» **Task material**
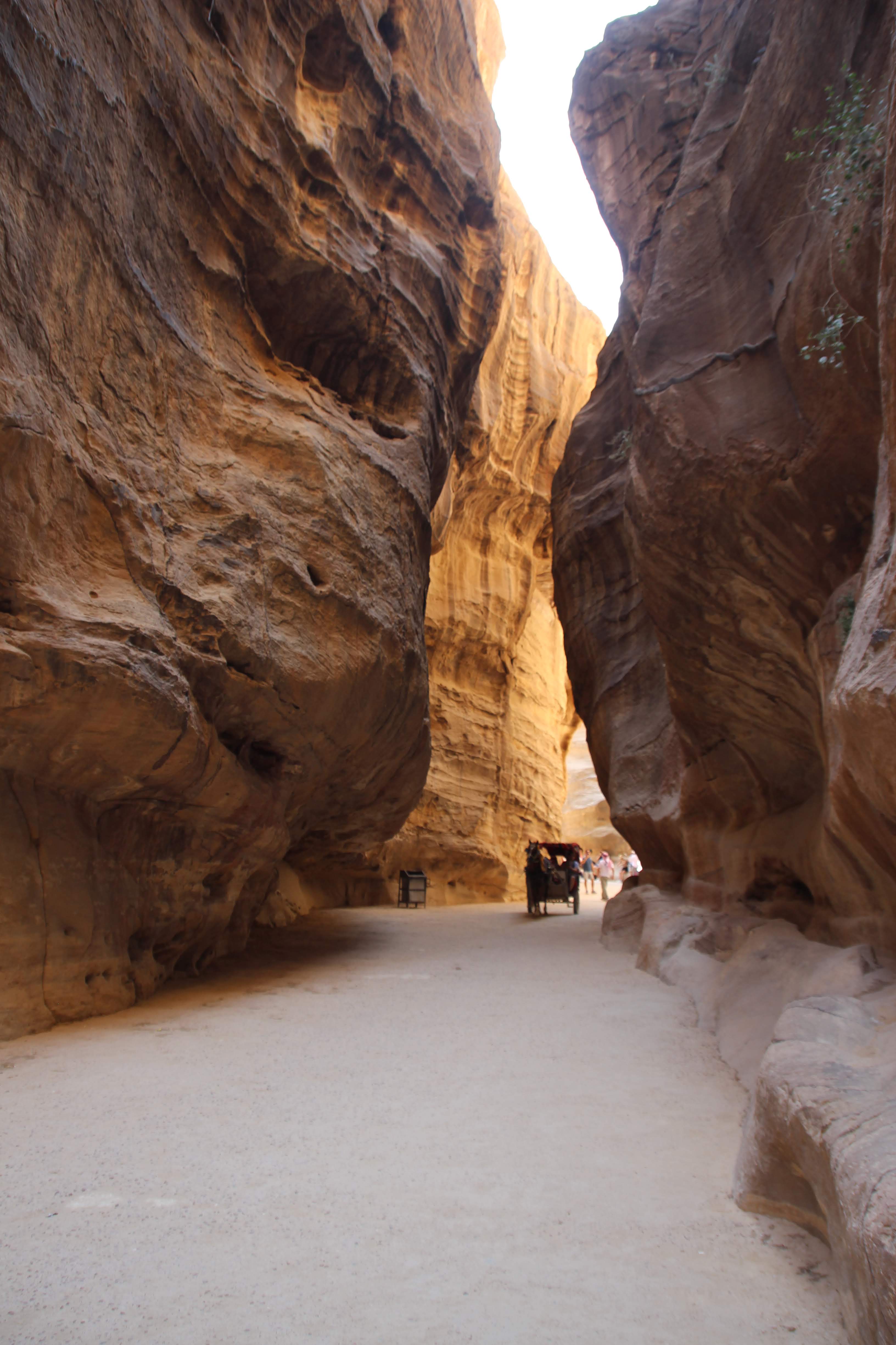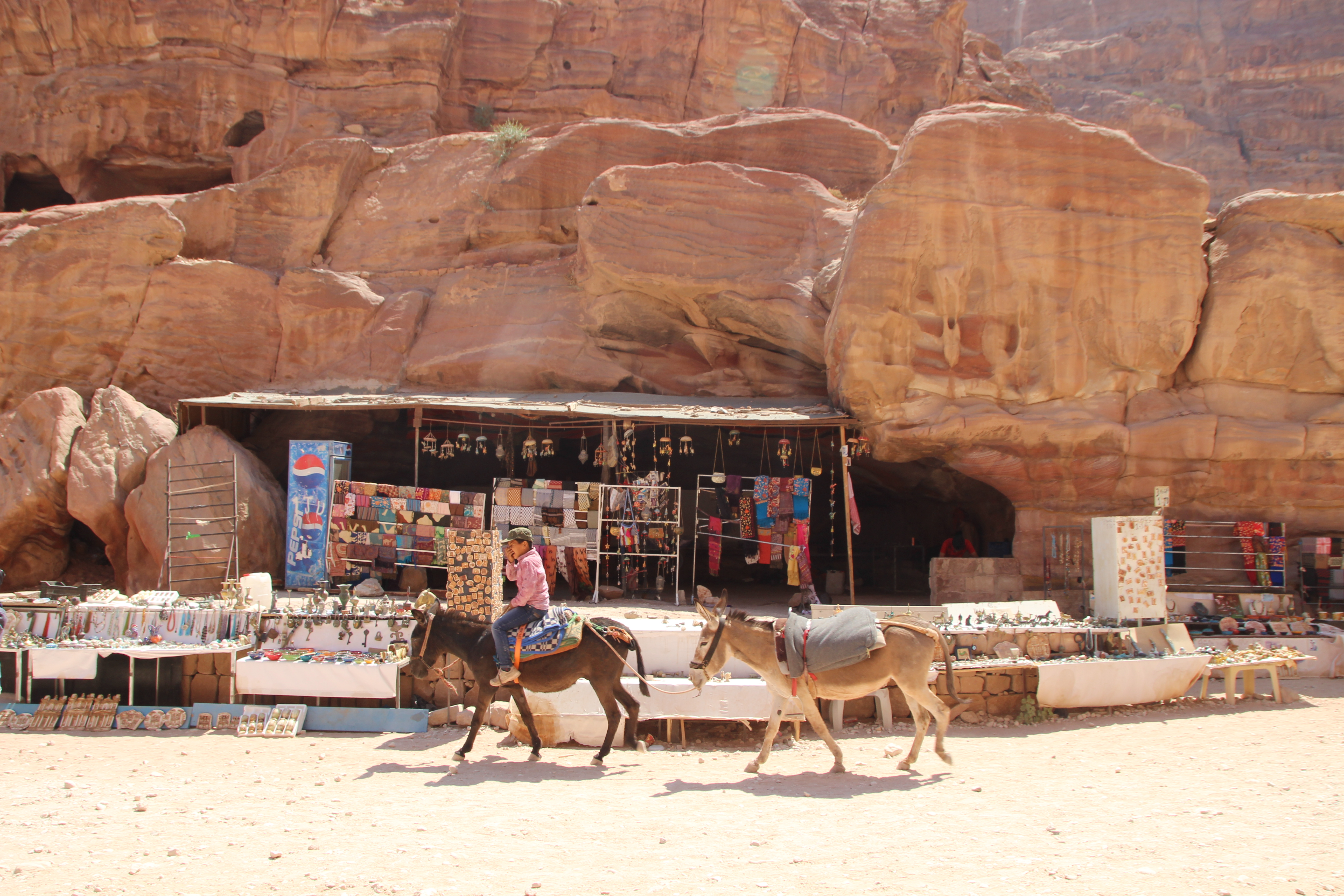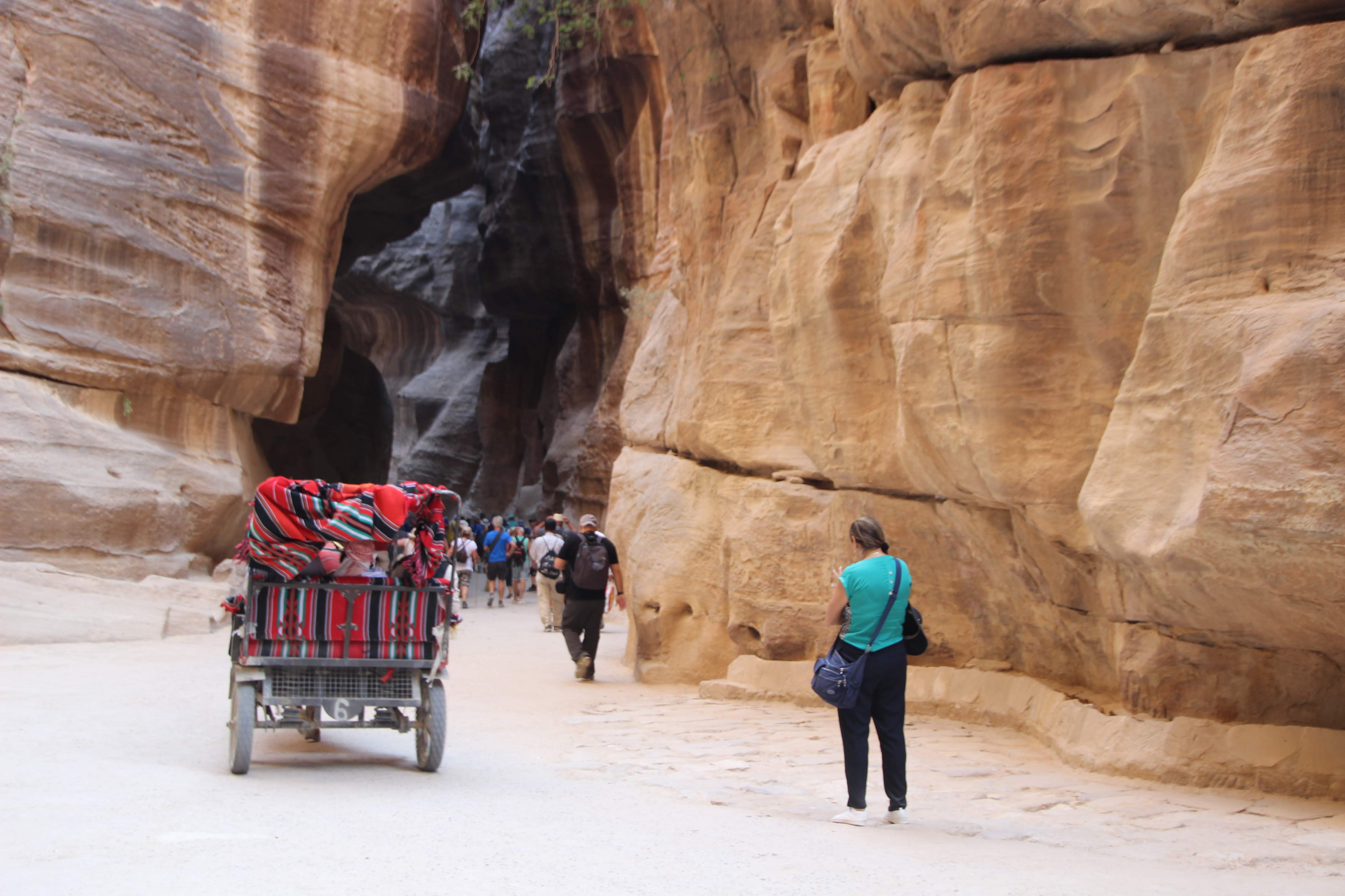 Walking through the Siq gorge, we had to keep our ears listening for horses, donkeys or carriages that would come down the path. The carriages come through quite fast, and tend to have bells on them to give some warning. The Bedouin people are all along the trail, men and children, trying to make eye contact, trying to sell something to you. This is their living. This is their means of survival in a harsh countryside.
==
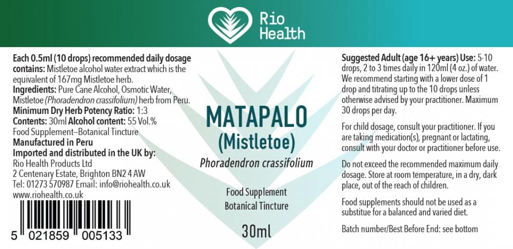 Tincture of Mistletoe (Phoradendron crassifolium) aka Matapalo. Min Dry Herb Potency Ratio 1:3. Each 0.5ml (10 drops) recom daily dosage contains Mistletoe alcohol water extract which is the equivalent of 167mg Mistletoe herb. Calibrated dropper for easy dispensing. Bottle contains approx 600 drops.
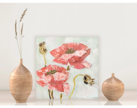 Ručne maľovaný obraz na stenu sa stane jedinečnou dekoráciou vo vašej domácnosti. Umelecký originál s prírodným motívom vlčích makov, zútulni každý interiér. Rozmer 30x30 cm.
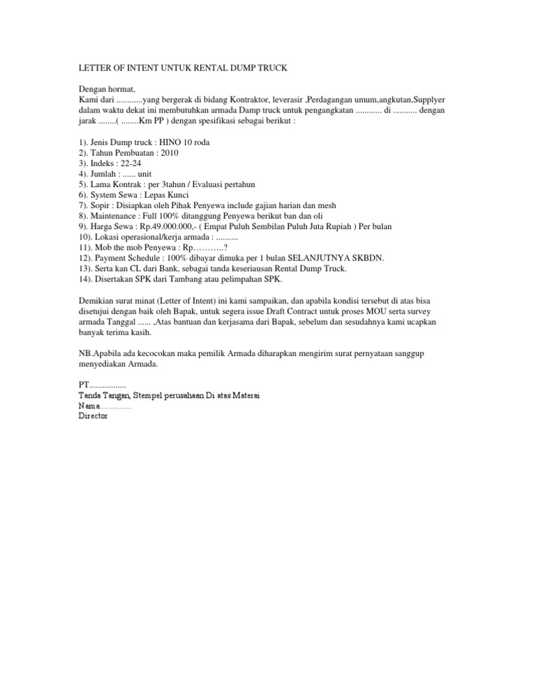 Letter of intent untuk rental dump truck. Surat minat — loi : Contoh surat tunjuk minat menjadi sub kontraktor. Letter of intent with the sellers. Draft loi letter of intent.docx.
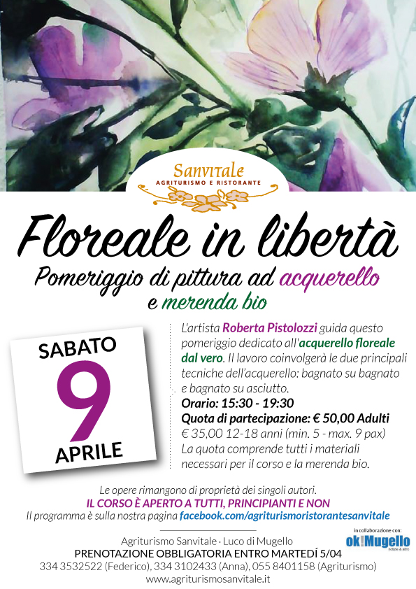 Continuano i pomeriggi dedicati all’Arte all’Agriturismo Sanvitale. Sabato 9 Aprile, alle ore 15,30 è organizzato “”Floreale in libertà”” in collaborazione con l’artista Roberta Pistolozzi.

» **What you are asked to do**
For this exercise, set down the lines in the entries above from the one with "Ručne maľovaný obraz" through the one with "Continuano i pomeriggi" exactly as written, without any pictures.

» **Exercise response**
 Ručne maľovaný obraz na stenu sa stane jedinečnou dekoráciou vo vašej domácnosti. Umelecký originál s prírodným motívom vlčích makov, zútulni každý interiér. Rozmer 30x30 cm.
 Letter of intent untuk rental dump truck. Surat minat — loi : Contoh surat tunjuk minat menjadi sub kontraktor. Letter of intent with the sellers. Draft loi letter of intent.docx.
 Continuano i pomeriggi dedicati all’Arte all’Agriturismo Sanvitale. Sabato 9 Aprile, alle ore 15,30 è organizzato “”Floreale in libertà”” in collaborazione con l’artista Roberta Pistolozzi.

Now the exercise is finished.